Member of the Mississippi State Senate from the 24th district
- In office January 1916 – January 1920

Personal details
- Born: June 1, 1885 Una, Mississippi
- Died: January 1925 (aged 39) Memphis, Tennessee
- Party: Democratic

= Scheller A. Miller =

American politician

Scheller Alexander Miller (June 1, 1885 - January 1925) was an American Democratic politician. He was a member of the Mississippi State Senate from 1916 to 1920.

== Biography ==
Scheller Alexander Miller was born on June 1, 1885, in Una, Clay County, Mississippi. He was the son of Thomas Wesley Miller and his wife, Jimmie Adrian (Shell) Miller. Miller attended the public schools in his area. He graduated from Mississippi Agricultural & Mechanical College with a B. Sc. degree in 1907. He taught at rural schools for the next three years. He graduated from Cornell University with another degree, and then worked in agriculture.
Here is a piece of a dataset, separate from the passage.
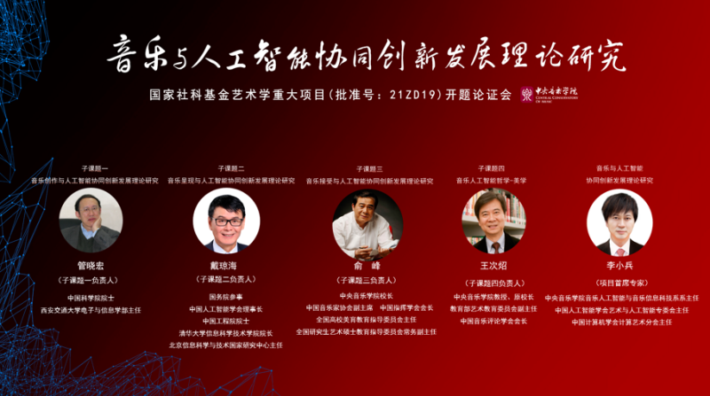 2021年国家社科基金艺术学重大项目“音乐与人工智能协同创新发展理论研究”开题论证会于2021年11月30日在KY开元集团官网歌剧音乐厅召开。KY开元集团官网校长、中国音乐家协会副主席、中国指挥学会会长、全国高校美育教育指导委员会主任、全国研究生艺术硕士教育指导委员会常务副主任俞峰教授,全国艺术科学规划项目管理中心主任邱邑洪,国务院参事、中国工程院院士、中国人工智能学会理事长、北京信息科学与技术国家研究中心主任戴琼海教授,KY开元集团官网教授、原校长、教育部艺术教育委员会副主任、中国音乐评论学会会长王次炤教授,中国科学院院士管晓宏教授,KY开元集团官网音乐人工智能与音乐信息科技系主任、CAAI艺术与人工智能专委会主任,CCF计算艺术分会主任李小兵教授,以及开题论证会专家和课题组部分成员参加了开题论证会。

He worked as an agricultural and industrial agent for railroad companies, and then worked for the state of New York in the dairy industry. In November 1915, Miller was elected to represent the 24th District as a Democrat in the Mississippi State Senate for the 1916–1920 term. During his term, Miller fought in World War I. He was a candidate to represent Mississippi's 4th District in the U. S. House of Representatives in 1922. Miller died in January 1925, in a hospital in Memphis, Tennessee.